Data shown |
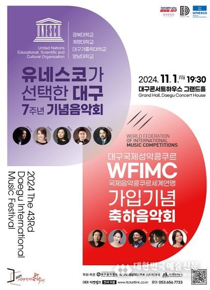 대한민국예술신문 관리자 기자 | 대구광역시는 대구국제성악콩쿠르의 국제음악콩쿠르 세계연맹(WFIMC) 가입을 축하하고, 유네스코 음악창의도시 대구 지정 7주년을 기념하는 음악회를 11월 1일 오후 7시 30분 대구콘서트하우스 그랜드홀에서 개최한다.
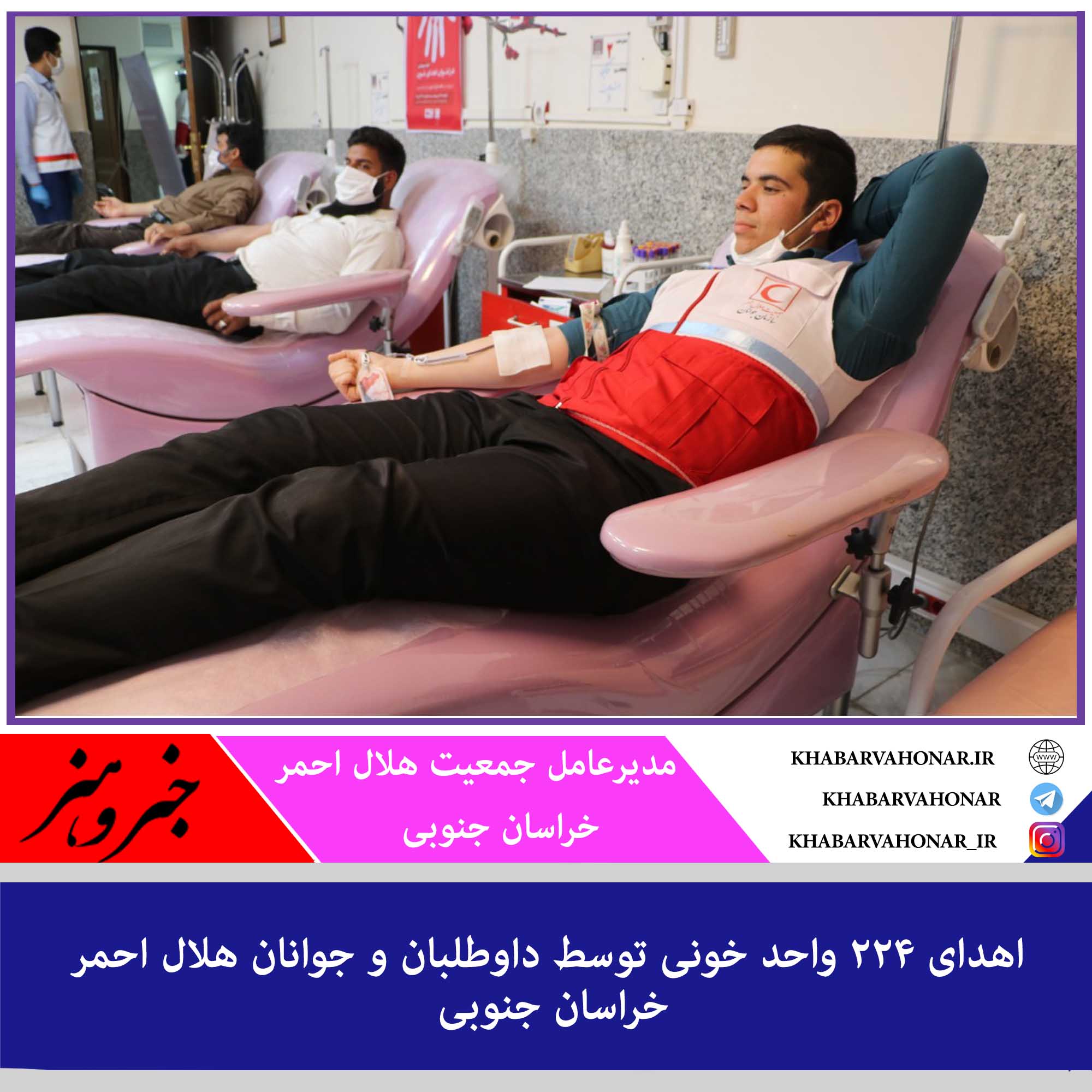 داوطلبان و جوانان هلال احمر خراسان جنوبی ۲۲۴ واحد خون به نیازمندان اهدا کردند.
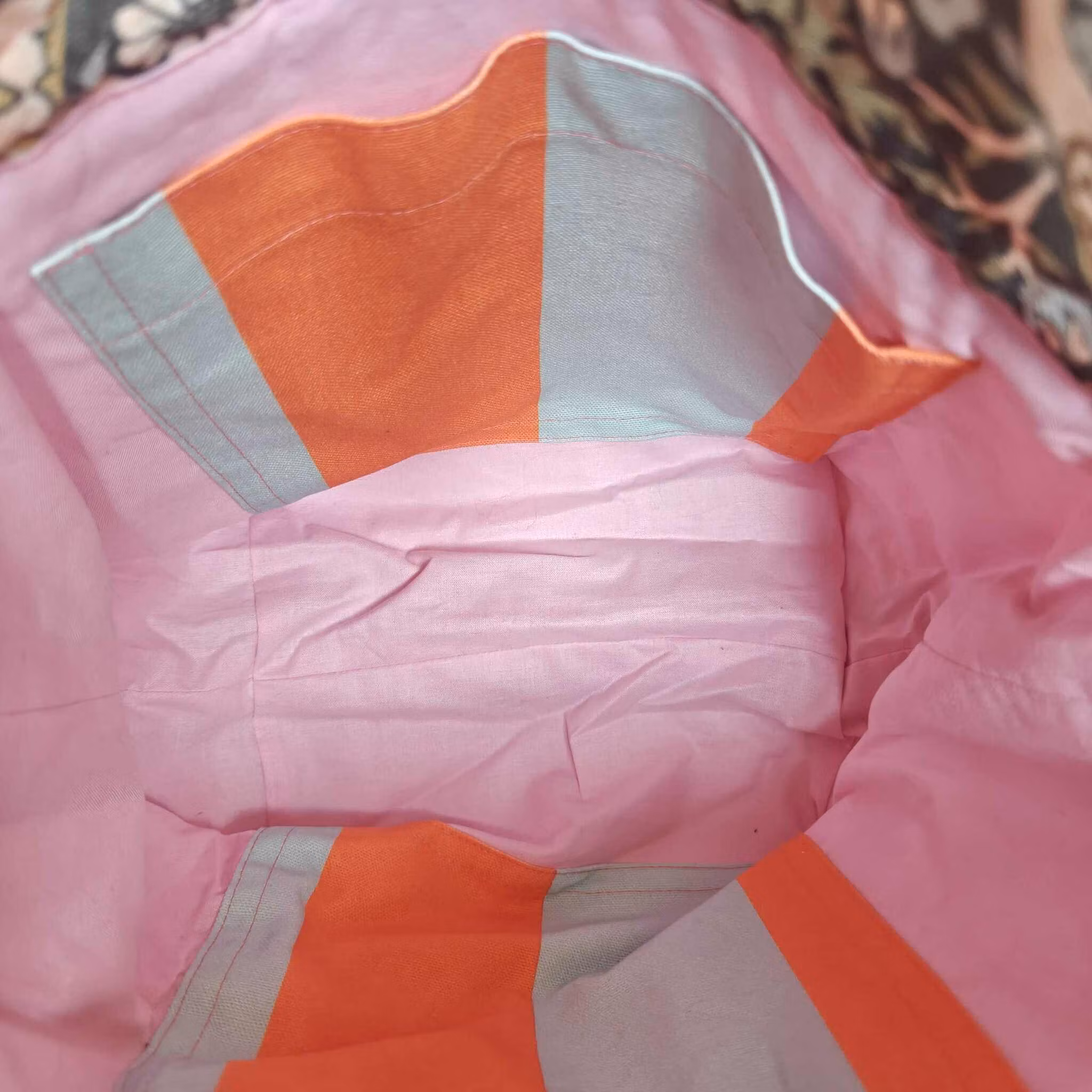 Denna väska är med blommor, fåglar och jordgubbar på utsidan, rosa på insidan, fickor i blå och orange randigt tyg och sömmar i rosa.
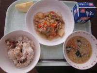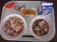 今日のこんだて:牛乳・煮干し・まいたけご飯・擬製豆腐・芋だんご汁・グレープフルー...

Task instructions | Leave every picture out, and transcribe the data above exactly as it reads.

Exercise solution |
 대한민국예술신문 관리자 기자 | 대구광역시는 대구국제성악콩쿠르의 국제음악콩쿠르 세계연맹(WFIMC) 가입을 축하하고, 유네스코 음악창의도시 대구 지정 7주년을 기념하는 음악회를 11월 1일 오후 7시 30분 대구콘서트하우스 그랜드홀에서 개최한다.
 داوطلبان و جوانان هلال احمر خراسان جنوبی ۲۲۴ واحد خون به نیازمندان اهدا کردند.
 Denna väska är med blommor, fåglar och jordgubbar på utsidan, rosa på insidan, fickor i blå och orange randigt tyg och sömmar i rosa.
 今日のこんだて:牛乳・煮干し・まいたけご飯・擬製豆腐・芋だんご汁・グレープフルー...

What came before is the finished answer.